You fondly remember many people in the armed forces not by the names their parents gave but how you called them when you served with them. For sailors, a Captain is a God and you don’t start calling God names!
As Signal Communication Officer, the first ship I served on was INS Talwar (the old Whitby class anti-submarine frigate that we had got from the British but later converted by Indian innovation (jugaad) into an SSM (Ship to Ship Missiles) capable platform by retrofitting four P15 missiles from the OSA-M missile boats (the ones that attacked Karachi on 04 Dec 1971 in the most daring surprise attack anywhere in the world) on to the ship).
Ship’s Engineer Officers are called EOs on smaller ships (frigates and below) and Cdr Es on larger ships (destroyers and above). EO, on a ship, is normally assisted by a relatively junior engineering officer called ‘Senior Engineer’, affectionately referred to as ‘Senior’. ‘Senior’ is generally the officer who you would call for various reasons ranging from ‘ship making black smoke’ (not healthy for engines as well as a give-away) to ‘fresh water having not been opened in bathrooms even for ten minutes’.
We had this ‘Senior’ on board, who, after leaving the ship, got transferred to New Delhi. He was even more affectionate than most. I was going to pass through New Delhi during my next leave and hence planned to meet him there. I told him on the phone (landline) my arrival details. He, of course, came to receive me at the railway station and we went to his house.
Dinner was to be late (when two former shipmates meet, dinner has to be late in order to give Hercules XXX Rum a chance; else, it goes waste and armed forces can ill afford wasteful expenditure of anything). All throughout, I kept calling him ‘Senior’.
At about midnight, when the rum-to-blood level, in our bodies, was suitably restored to our former days, ‘Senior’ had a brain wave and asked me, “Sir, I left Talwar more than seven months ago. Why are you still calling me ‘Senior’? You can call me by my name now”.

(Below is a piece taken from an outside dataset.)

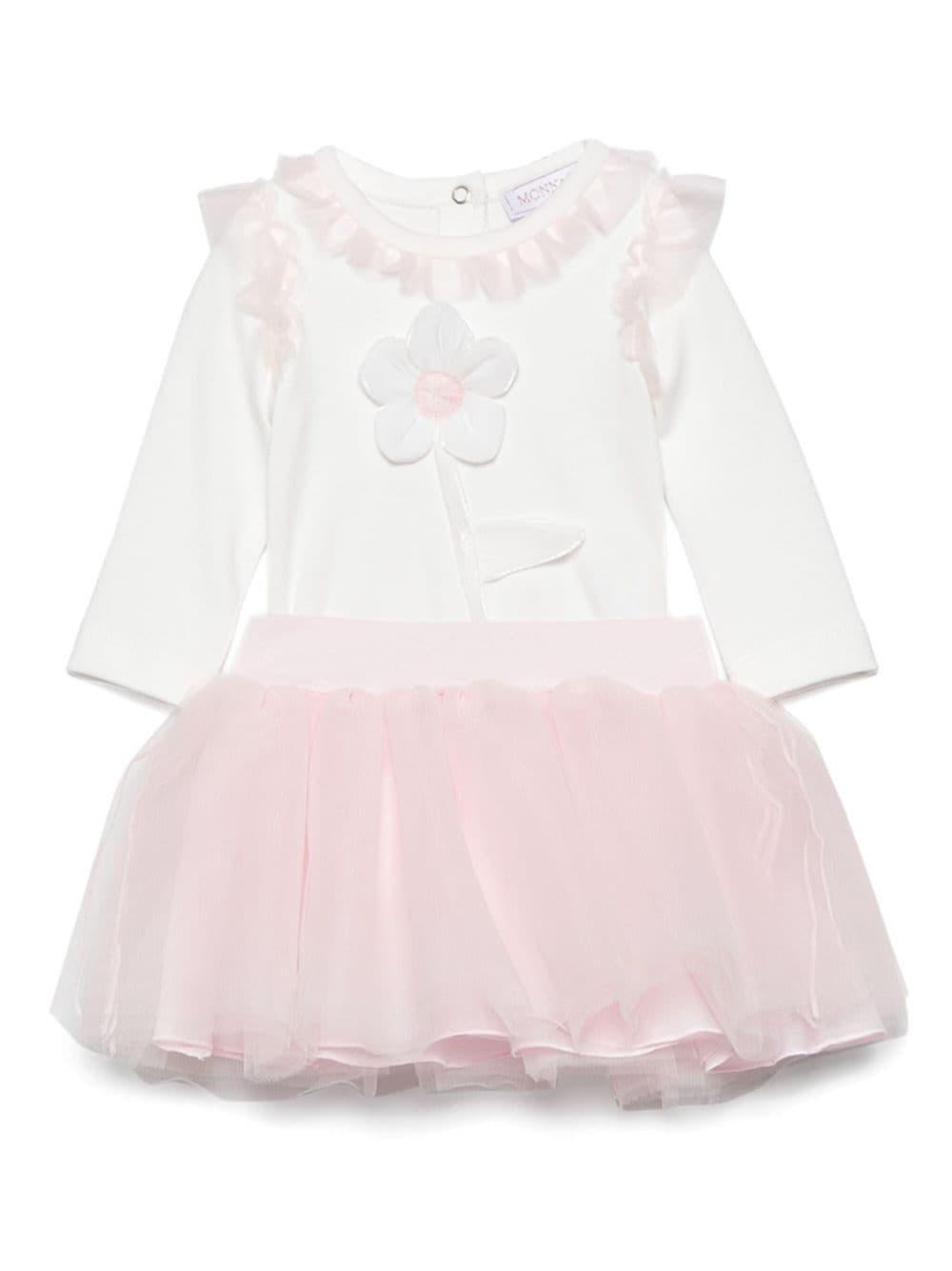 Il prodotto Monnalisa Set con gonna a fiori è disponibile sullo store online RubinoKids.com. Realizzato in poliestere 100%, cotone 100%. Il prodotto presenta un set di due, Body, bianco/rosa chiaro, cotone, trama jersey, applicazione a fiori, rifinitura con ruches, colletto rotondo, maniche lunghe, chiusura posteriore con bottone a pressione, chiusura con abbottonatura a pressione sulla spalla, design senza fodera, rosa chiaro, rete in tulle, gonna plissettata, vita elasticizzata, fodera integrale. Taglia a catalogo, appartiene alla collezione Monnalisa Autunno/Inverno 2024 ed è disponibile in pronta spedizione con consegna in 24/48h per l'Italia.
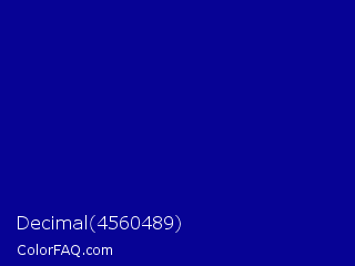 Decimal 4560489 Color is a dark indigo color and the nearest color is Duke Blue #00009c. Hex code #070395 and RGB value is rgb(7,3,149). In RGB color space, this color is composed of 3% red, 1% green, 58% blue, In CMYK color space, this color is composed of 95% cyan, 98% magenta, 0% yellow , 42% black , In HSL color space, this color has a hue angle of 242° , 96% saturation and 30% lightness.

I was startled. I thought and thought and thought and was surprised that ‘Senior’ wasn’t his ‘actual name’ and then told him the truth, “But, ‘Senior’, I don’t really recall your name.”
By that time, we were called by his wife for dinner.
Next day, he drove me to the railway station (to catch my onward train to Kalka) and when the train was about to leave, he handed me a slip of paper. I opened the slip and there it was, his name: SK Sharma!